# RDNS Problem with Digitalocean



## sv01 (Apr 25, 2014)

Today I check PTR of my IP


$ host 128.199.xx.xxx
;; connection timed out; no servers could be reached

I've check from various online tools, all show same result. No PTR record for that IP

anyone else have similiar problem?

[these IP resolve to my domain before]


----------



## Nett (Apr 25, 2014)

Have you checked the following things?

1. Your hostname is a FQDN

2. The hostname has an A record which points back to the IP


----------



## sv01 (Apr 25, 2014)

Nett said:


> Have you checked the following things?
> 
> 1. Your hostname is a FQDN
> 
> 2. The hostname has an A record which points back to the IP


check my post



> [these IP resolve to my domain before]


----------



## Nett (Apr 25, 2014)

I don't have any problems with mine.


----------



## HH-Josh (Apr 25, 2014)

Nett said:


> I don't have any problems with mine.


Me either. I have several servers with them too.


----------



## johnlth93 (Apr 25, 2014)

they work on all my droplets though


----------



## Jack (Apr 25, 2014)

Personally sounds like rDNS server is not responding...


----------



## sv01 (Apr 25, 2014)

hmmm ... strange I've 5 droplet and all have problem with PTR record. I've ask support before posting here, but I still don't get reply.


----------



## jarland (Apr 25, 2014)

Tried checking the return from any other network?


----------



## Jack (Apr 25, 2014)

sv01 said:


> Today I check PTR of my IP
> 
> 
> $ host 128.199.xx.xxx
> ...


128.199.192.0/18 I guess your IP is in this.. doing a dig trace to 128.199.1.1 shows

1.199.128.in-addr.arpa. 86400 IN NS ns2.bermudahost.com.
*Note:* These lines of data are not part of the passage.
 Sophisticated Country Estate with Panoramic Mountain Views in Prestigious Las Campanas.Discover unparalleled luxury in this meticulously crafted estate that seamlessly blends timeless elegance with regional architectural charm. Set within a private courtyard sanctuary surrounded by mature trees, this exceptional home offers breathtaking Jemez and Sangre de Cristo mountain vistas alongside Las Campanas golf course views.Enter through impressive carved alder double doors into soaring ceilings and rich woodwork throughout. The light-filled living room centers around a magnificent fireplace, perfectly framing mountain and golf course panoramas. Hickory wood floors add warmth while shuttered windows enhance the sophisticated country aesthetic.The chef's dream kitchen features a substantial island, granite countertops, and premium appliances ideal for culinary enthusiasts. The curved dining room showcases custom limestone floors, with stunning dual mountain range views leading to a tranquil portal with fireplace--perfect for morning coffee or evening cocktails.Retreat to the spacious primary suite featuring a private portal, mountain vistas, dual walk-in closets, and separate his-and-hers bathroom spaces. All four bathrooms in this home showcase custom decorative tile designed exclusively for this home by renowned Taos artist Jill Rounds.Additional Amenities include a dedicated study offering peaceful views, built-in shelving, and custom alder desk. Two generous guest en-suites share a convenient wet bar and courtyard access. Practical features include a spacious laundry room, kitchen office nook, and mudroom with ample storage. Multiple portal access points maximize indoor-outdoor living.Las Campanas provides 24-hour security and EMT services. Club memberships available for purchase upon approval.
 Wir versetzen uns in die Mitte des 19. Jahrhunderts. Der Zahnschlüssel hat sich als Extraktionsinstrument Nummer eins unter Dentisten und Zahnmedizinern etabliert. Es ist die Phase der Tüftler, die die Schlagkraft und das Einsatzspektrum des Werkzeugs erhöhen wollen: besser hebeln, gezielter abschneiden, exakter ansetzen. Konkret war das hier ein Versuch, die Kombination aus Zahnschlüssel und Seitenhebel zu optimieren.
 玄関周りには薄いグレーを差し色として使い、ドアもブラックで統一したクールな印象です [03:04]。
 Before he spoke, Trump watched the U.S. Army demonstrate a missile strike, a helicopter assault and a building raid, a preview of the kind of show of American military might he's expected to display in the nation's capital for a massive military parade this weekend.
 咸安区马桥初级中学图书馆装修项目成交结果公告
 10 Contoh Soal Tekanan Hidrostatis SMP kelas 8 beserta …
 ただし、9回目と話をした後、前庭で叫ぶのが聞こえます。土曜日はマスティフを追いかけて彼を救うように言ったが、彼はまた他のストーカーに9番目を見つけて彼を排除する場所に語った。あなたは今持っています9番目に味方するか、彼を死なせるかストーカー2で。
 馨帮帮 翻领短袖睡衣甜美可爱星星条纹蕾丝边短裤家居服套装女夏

1.199.128.in-addr.arpa. 86400 IN NS ns1.bermudahost.com.

ns1.bermudahost.com (54.72.9.51)

ns2.bermudahost.com (54.72.9.51)

  1.|-- dsldevice.lan              0.0%    10    0.6   0.5   0.4   0.7   0.1

  2.|-- lo0-central10.pcl-ag08.pl  0.0%    10   18.2  22.3  17.0  46.9   9.6

  3.|-- link-b-central10.pcl-gw02  0.0%    10   17.2  17.5  16.6  18.0   0.4

  4.|-- xe-9-1-0.pcl-cr02.plus.ne  0.0%    10   16.9  17.2  16.8  18.3   0.5

  5.|-- ae1.ptw-cr02.plus.net      0.0%    10   50.8  23.8  16.2  50.8  12.3

  6.|-- 195.66.237.175             0.0%    10   17.5  17.5  16.4  21.7   1.5

  7.|-- 178.236.3.57               0.0%    10   28.4  29.7  28.1  35.8   2.2

  8.|-- 176.32.106.29              0.0%    10   28.8  31.6  28.0  44.5   6.8

  9.|-- 178.236.0.191              0.0%    10   28.0  28.2  27.5  28.8   0.4

 10.|-- 178.236.0.210              0.0%    10   27.8  28.0  27.2  29.7   0.7

 11.|-- 178.236.0.213              0.0%    10   27.4  27.7  27.0  29.3   0.7

 12.|-- ???                       100.0    10    0.0   0.0   0.0   0.0   0.0

54.72.9.51 doesn't appear to be routing anymore...

Someone might wanna tell DO that that /18 aint delegated to them.


----------



## rds100 (Apr 25, 2014)

It sunk in the bermuda triangle! 

128.199.192.x seems to be properly delegated though

domain:         192.199.128.in-addr.arpa
descr:          DigitalOcean
admin-c:        BU332-RIPE
tech-c:         BU332-RIPE
zone-c:         BU332-RIPE
mnt-by:         digitalocean
source:         RIPE # Filtered
nserver:        ns1.digitalocean.com
nserver:        ns2.digitalocean.com
nserver:        ns3.digitalocean.com


----------



## Jack (Apr 25, 2014)

rds100 said:


> It sunk in the bermuda triangle!
> 
> 128.199.192.x seems to be properly delegated though
> 
> ...



Yeah... that /24 is delegated...

192.199.128.in-addr.arpa. 86400 IN NS ns2.digitalocean.com.

192.199.128.in-addr.arpa. 86400 IN NS ns1.digitalocean.com.

192.199.128.in-addr.arpa. 86400 IN NS ns3.digitalocean.com.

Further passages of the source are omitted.